THE SATIRES OF JUVENAL

(From SATIRE I)



...all the doings of mankind, their vows, their fears, their angers and their pleasures, their joys and goings to and fro, shall form the motley subject of my page. For when was Vice more rampant? When did the maw of Avarice gape wider? When was gambling so reckless? Men come not now with purses to the hazard of the gaming table, but with a treasure-chest beside them. What battles will you there see waged with a cashier for armour-bearer! Is it a simple form of madness to lose a hundred thousand sesterces, and not have a shirt to give to a shivering slave? Which of our grandfathers built such numbers of villas, or dined by himself off seven courses? Look now at the meagre dole set down upon the threshold for a toga-clad mob to scramble for! Yet the patron first peers into your face, fearing that you may be claiming under someone else's name: once recognised, you will get your share. He then bids the crier call up the Trojan-blooded nobles—for they too besiege the door as well as we: "The Praetor first," says he, "and after him the Tribune." "But I was here first," says a freedman who stops the way; "why should I be afraid, or hesitate to keep my place? Though born on the Euphrates—a fact which the little windows in my ears would testify though I myself denied it—yet I am the owner of five shops which bring me in four hundred thousand sesterces.
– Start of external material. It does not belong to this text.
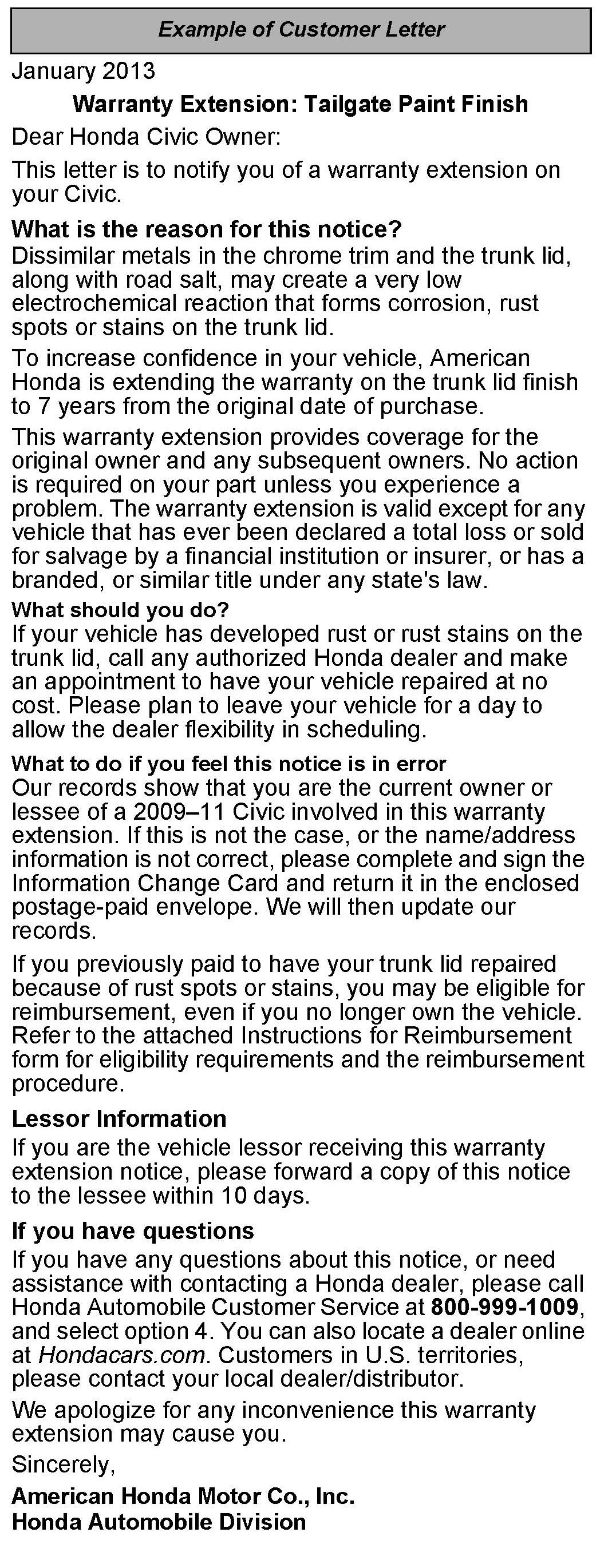 American Honda is extending the warranty on the trunk lid to 7 years from the original date of purchase.

What better thing does the Broad Purple of high rank bestow if an aristocrat of the Corvinus family herds sheep for daily wage in the Laurentian country, while I possess more property than either a Pallas or a Licinus?" So let the Tribunes await their turn; let money carry the day; let the sacred office give way to one who came but yesterday with whitened feet as a slave for sale into our city. For no deity is held in such reverence amongst us as Wealth; though as yet, O baneful money, thou hast no temple of thine own; not yet have we reared altars to Money in like manner as we worship Peace and Honour, Victory and Virtue, or that Concord that clatters when we salute her nest.